Sibley Memorial Hospital is a non-profit hospital located in The Palisades neighborhood of Washington, D.C. It is fully accredited by the Joint Commission on Accreditation of Healthcare Organizations, and is licensed by the District of Columbia Department of Health and Human Services. The hospital specializes in surgery, orthopedics, and oncology services. It has been part of Johns Hopkins Medicine since 2010.

== History ==
Sibley hospital traces its lineage to the Lucy Webb Hayes National Training School, established in 1890 at a house at 133 F St. NE, but which moved the next year to 1140 N. Capitol St. NW, near the corner with Pierce Street. The institution of the Methodist Church was named in memory of President Rutherford B. Hayes's wife and trained young women for various Christian-related professions, including work for medical facilities and orphanages.

William J. Sibley, a member of the Foundry Methodist Church, donated $10,000 to the school to establish a hospital in memory of his wife, Dorothea Lowndes Sibley.

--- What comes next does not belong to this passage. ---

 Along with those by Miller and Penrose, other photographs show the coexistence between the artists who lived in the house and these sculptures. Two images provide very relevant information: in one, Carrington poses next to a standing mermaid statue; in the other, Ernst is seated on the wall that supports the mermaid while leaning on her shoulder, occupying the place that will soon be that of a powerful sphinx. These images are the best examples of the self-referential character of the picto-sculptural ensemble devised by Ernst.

The hospital was dedicated, next to the school on North Capitol Street, in 1894, and opened the following year. It was expanded in 1900 and again in 1925, to occupy the full block at North Capitol Street and Pierce Street.

In 1953, the Methodist Church, which also owned American University, proposed moving Sibley to a spot on Nebraska Avenue on American's campus, citing the need for more space. The city government declined to make a zoning change necessary for the move, effectively blocking it.

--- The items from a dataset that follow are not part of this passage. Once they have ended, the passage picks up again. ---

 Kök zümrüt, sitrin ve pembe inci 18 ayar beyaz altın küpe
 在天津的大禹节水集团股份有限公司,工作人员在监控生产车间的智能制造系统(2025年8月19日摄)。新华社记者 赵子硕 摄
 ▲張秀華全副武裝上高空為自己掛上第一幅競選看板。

Congress helped in 1957, passing a law to grant Sibley 12 acres of land on Loughboro Road in Northwest Washington formerly belonging to the federal government as part of its reservation for the Dalecarlia Reservoir. It had housed the National Training School for Girls, a reform school. In exchange, Sibley had to grant to the federal government the site of Hahnemann Hospital at 135 New York Ave. NE. Hahnemann, formerly the National Homeopathic Hospital, had merged into Sibley the year prior. Sibley moved to the new site in 1961.

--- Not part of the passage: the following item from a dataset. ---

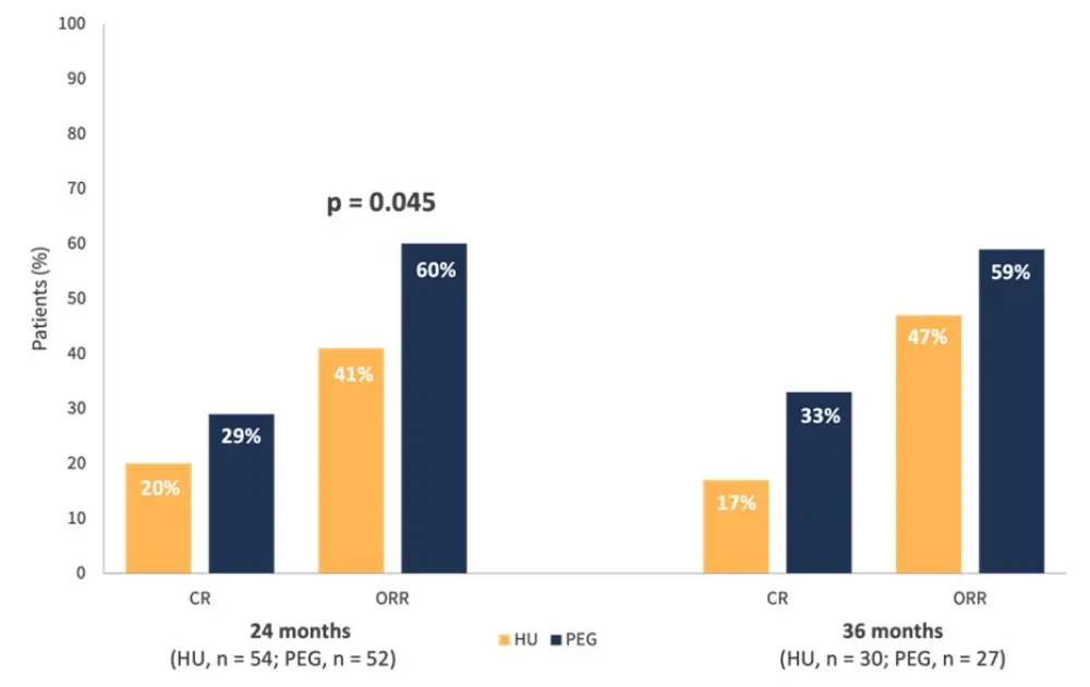 CR, complete response; HU, hydroxyurea; ORR, overall response rate; PEG, pegylated interferon-alfa-2a.

In 2010, citing an uncertain financial future, Sibley merged into Johns Hopkins Medicine.

The Hayes School transformed into a nursing school, and the Methodist Church moved it to American University. American closed the nursing school in 1987 due to declining enrollment.

The District of Columbia government built a low-income public apartment building on the former site of the hospital on North Capitol Street in 1968, and named it Sibley Plaza in honor of the hospital.

== U.S. News & World Report ==
As of January 2025, Sibley is ranked #4 in the Washington, D.C. metro area by U.S. News & World Report.

== Patient safety ==
Sibley Memorial Hospital has an A grade "Hospital Safety Score" by The Leapfrog Group as of Fall 2025.